Even the court may exercise its equitable discretion when it gives relief from a judgment, nevertheless, it is bound by the principles of law governing any discretionary action. It was said in Loucke v. United States, 21 F.R.D. 305:-,

"But this rule was not designed to supersede the normal and ordinary channels of relief. Nor was it intended to invest the court with an omnipotence whose boundary is defined only by the court's conscience. "

The Federal court concluded that the rule for relief "for any other reason" was applicable "only where the total record portrays extraordinary circumstances;"

[2] In the present case the defendant-petitioners failed to appeal and thereby lost the right of appeal from the adverse judgment. Petitioners alleged their counsel failed to consult with them and that he "proceeded with the case without even notifying his clients."

When judgments have been reopened on petition of defendants it appears from the cases that the petitioners were deprived of an opportunity to present a valid and substantial defense. That is not the situation in the present case. What defense, if any, petitioners have has never been made to appear in these proceedings. As a matter of fact at the hearing to reopen counsel agreed that the decision reported in 2 TTR 458 holding the clan and not the Trust Territory owned the land was proper.

If the former decision is acceptable, what then is the defense the petitioners were deprived of either in a trial or on appeal that would require reopening of this case? We agree with counsel that the former decision did not bar the petitioners from resisting the clan's claim to ownership. But they have indicated no valid defense either in the past or now.
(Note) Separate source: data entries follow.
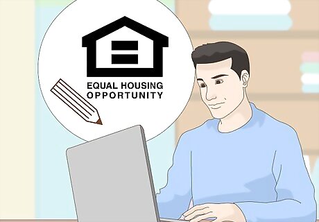Advertise your commitment to fair housing. Choose your words carefully. Avoid trying to describe your ideal tenant. This could be misconstrued as being discriminatory. For example, if your property is near a school, mention the proximity to the school. But don't say, “perfect for young families,” as this makes it look like you're excluding certain groups of people. Realtors are required to display the fair housing logo from the Office of Housing and Urban Development (HUD) when they advertise a property, so include it when you advertise your property to show your commitment to fair housing. You can download the logo by going to www.hud.gov, clicking on "Program Offices," "Fair Housing/Equal Opportunity," "Library," then "Equal Housing Opportunity Logo". You can be charged hefty fines if you're found guilty of violating the Fair Housing Act, but the rules differ on what's allowed when you're renting to a roommate or renting an entire home. For example, if you're renting to a roommate, it's acceptable to advertise for a particular gender; however, you can't do that if you're renting the entire home. You are allowed to limit who you'll rent to based on criteria such as income, credit history, rental history, employment, and the number of people who will be occupying the property. You must provide the criteria in advance, and, if someone is rejected, provide them with an adverse action letter explaining why. You can also suggest a way for them to gain approval, such as adding a cosigner or paying an extra deposit if they have bad credit.
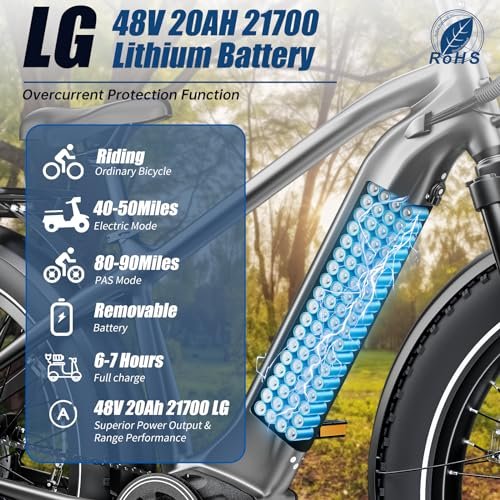 [LARGE CAPACITY LG LITHIUM BATTERY Our EBike is equipped with 48V/20Ah 21700 large capacity LG lithium battery, which provides 6 hours fast charge. The battery is removable,hidden, waterproof and convenient to bring home or office for charging.A single charge can last up to 50 Miles on pure electric power and 80-90 Miles with pedal assist.With the long-range option, you can enjoy extended rides without worrying about running out of power.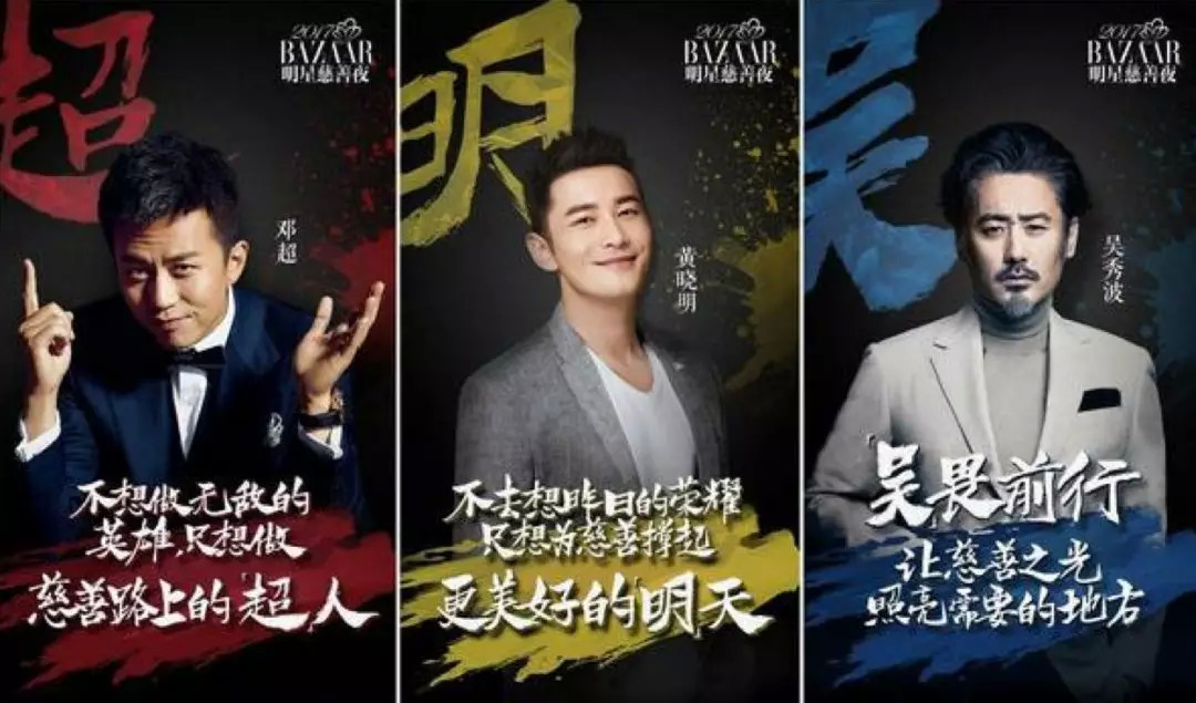 慈善夜的男明星方面就稍显单调。除了2013年成龙大哥左手范冰冰、右手李冰冰、前面还一个安以轩比较高调之外。基本是以黄晓明、陈坤、邓超这些华谊的男星为主,直到流量时代到来,鹿晗、张艺兴、tfboys这些新人才开始大放异彩。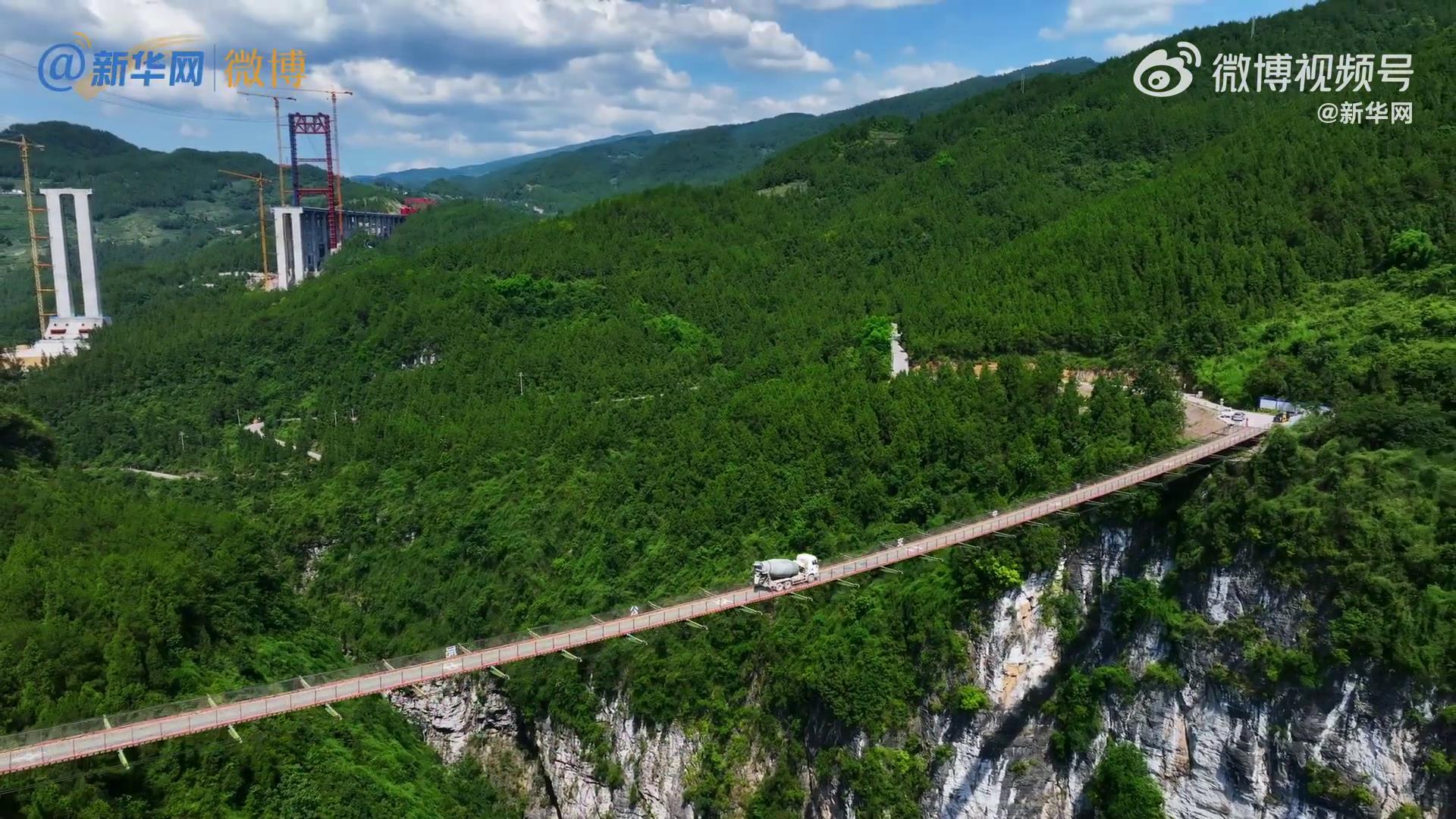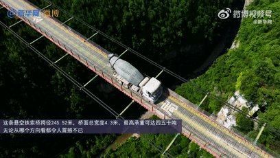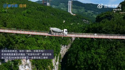 在300米的高空,给你一辆车,你敢开吗?在渝湘高速重庆武隆段“双堡特大桥”建设现场,施工队在300米高空修建了一座悬空施工便桥。

This is the third time the question of ownership of the land has arisen.

July 24, 1957, the Palau District Land Title Officer issued his Determination of Ownership and Release No. 81 holding the land in question belonged to the government. The clan, through its title bearer, appealed and the 1963 judgment reversed the title officer's determination, holding the land was clan land. At neither of these decisions in 1957 and 1963 did the defendants appear and make any claim. We first heard of them when Kebik told Elibosang she owned the land and that Elibosang could build his house on it. Suit was brought against them in 1970 and the summary judgment was issued in 1973 and finally a motion to vacate the judgment came before the court in 1974. At none of these proceedings does the record show the defendants appeared and presented any information in support of their claims. They haven't done so yet. In fact at the hearing they were in agreement with the former judgment the land is owned by the Ebai Clan for whom the bearer of the principal title, Sechesuch, is the administrator and representative of the clan.
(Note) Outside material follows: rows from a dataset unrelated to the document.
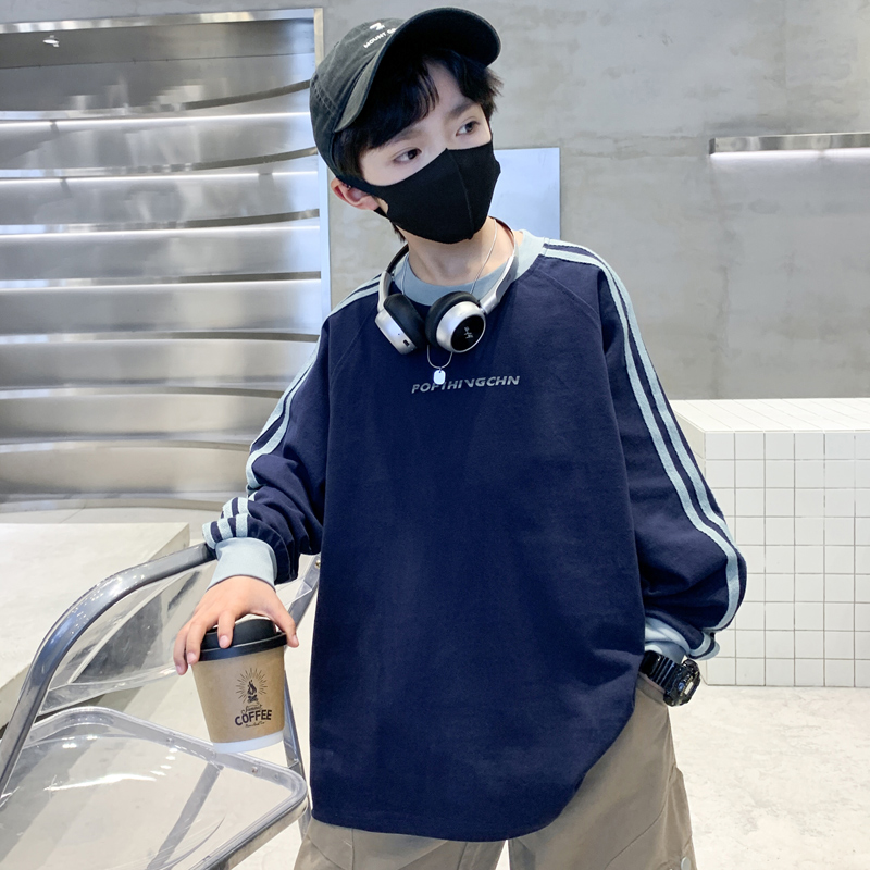 男童春秋款T恤2025新款中大男孩长袖打底衫圆领9儿童秋装运动卫衣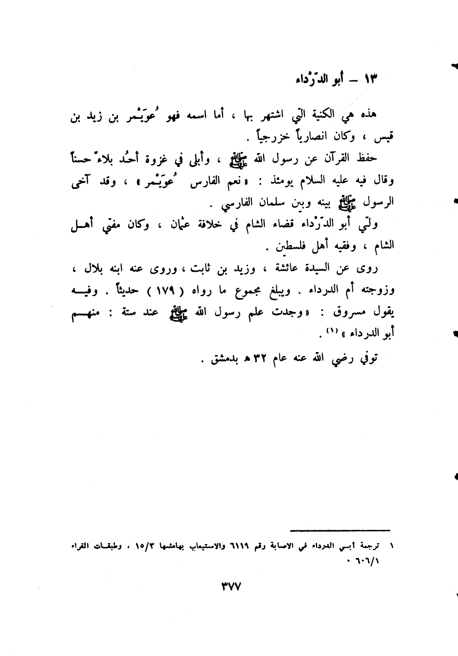 (¬1) ترجمة أبي الدرداء في " الإصابة ": رقم 6119، و" الاستيعاب " بهامشها: 3/ 15، و" طبقات القراء ": 1/ 606.
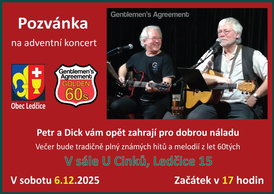 Úvod > Obec > Aktuality > Adventní koncert Dicka Overdevest a Petra Puka v sobotu 6. 12. 2025 od 17:00 U Cinků

The present motion to reopen the Judgment is in lieu of an appeal and this rule was never intended to be a substitute for an appeal. The United States Supreme Court ruled in a similar situation in the landmark case of Ackermann v. United States [1950] USSC 93; 340 U.S. 193, 71 S. Ct. 209. The Ackermann's decided not to appeal their case on information from their counsel as to the cost of an appeal. The information given them by their lawyer was wrong. It also turned out that Keilbar, who was tried with them, did appeal and the judgment was reversed for him. Keilbar v. United States, 144 F.2d 866.

Thus, with substantial grounds for reopening the former judgment, the Supreme Court denied a new hearing, saying at 71 S.Ct. 211:-

"Petitioner made a considered choice not to appeal. . . . Petitioner cannot be relieved of such a choice because hindsight seems to indicate to him that his decision not to appeal was probably wrong . . . ."

After three decisions on ownership of the land in question petitioners ask for a fourth decision without showing anything to indicate the last two judgments can be changed.

Ordered, that defendants' petition to vacate the Judgment and reopen the case for trial is denied.